Early-stage prostate cancer usually causes no symptoms at all. When it does produce symptoms, they tend to include blood in the urine or semen and persistent pain in the back, hips, or pelvis. On a rectal exam, cancer may feel like a hard, irregular nodule rather than the smooth, uniform enlargement of BPH. An elevated PSA combined with suspicious findings on the rectal exam typically leads to further evaluation.

What the Initial Workup Looks Like

The American Urological Association recommends a specific starting point for anyone with bothersome urinary symptoms possibly related to BPH: a medical history, a physical exam (including the rectal exam), the IPSS questionnaire, and a urinalysis. The urinalysis checks for blood, infection, or other abnormalities that might explain your symptoms. These four steps are considered essential for an initial evaluation.

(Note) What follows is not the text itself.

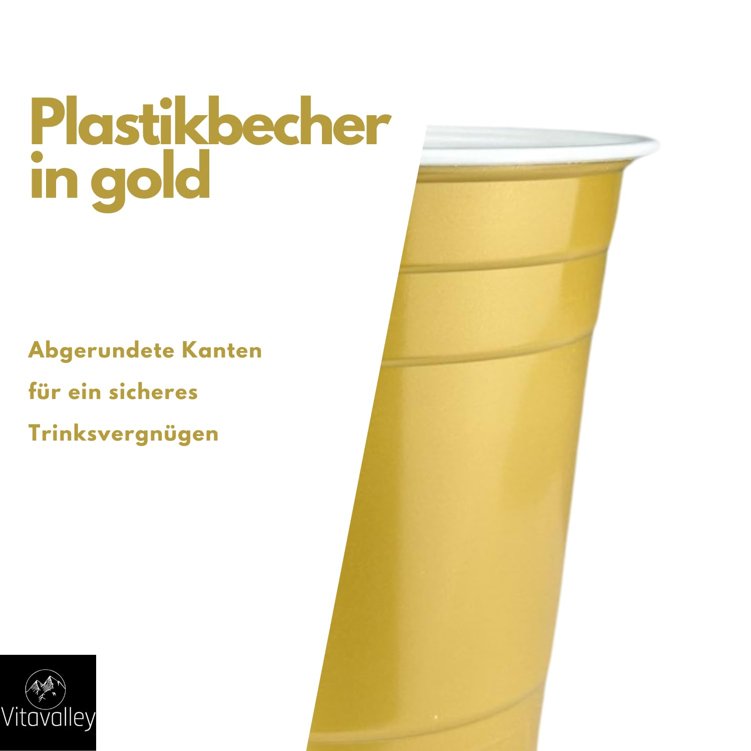 Hey Party-People! Diese 50 goldenen Plastikbecher sind der absolute Hingucker auf jeder Feier! Mit 473ml Fassungsvermögen (das sind die originalen US 16oz) passen da alle Getränke rein - ob Cocktails, Bier oder Softdrinks. Super stabil mit 10g Gewicht pro Becher und komplett BPA-frei. Du kannst sie sogar in der Spülmaschine bei 60°C waschen und mehrmals verwenden. Perfekt für Geburtstage, Grillfeste, Junggesellenabschiede oder einfach gemütliche Abende mit Freunden. Die abgerundeten Ränder sind super bequem zum Trinken und das klassische Design kommt immer gut an. Mach deine nächste Party unvergesslich - bestell die goldenen Becher und sorg für strahlende Gesichter!

Post-void residual measurement and uroflowmetry are considered optional additions during the initial workup, typically used when symptoms are more severe or when the diagnosis is unclear. Imaging and PSA testing may be added based on what the initial evaluation reveals. Not every man with mild symptoms needs every test. Your doctor will tailor the workup to your age, symptom severity, and risk factors.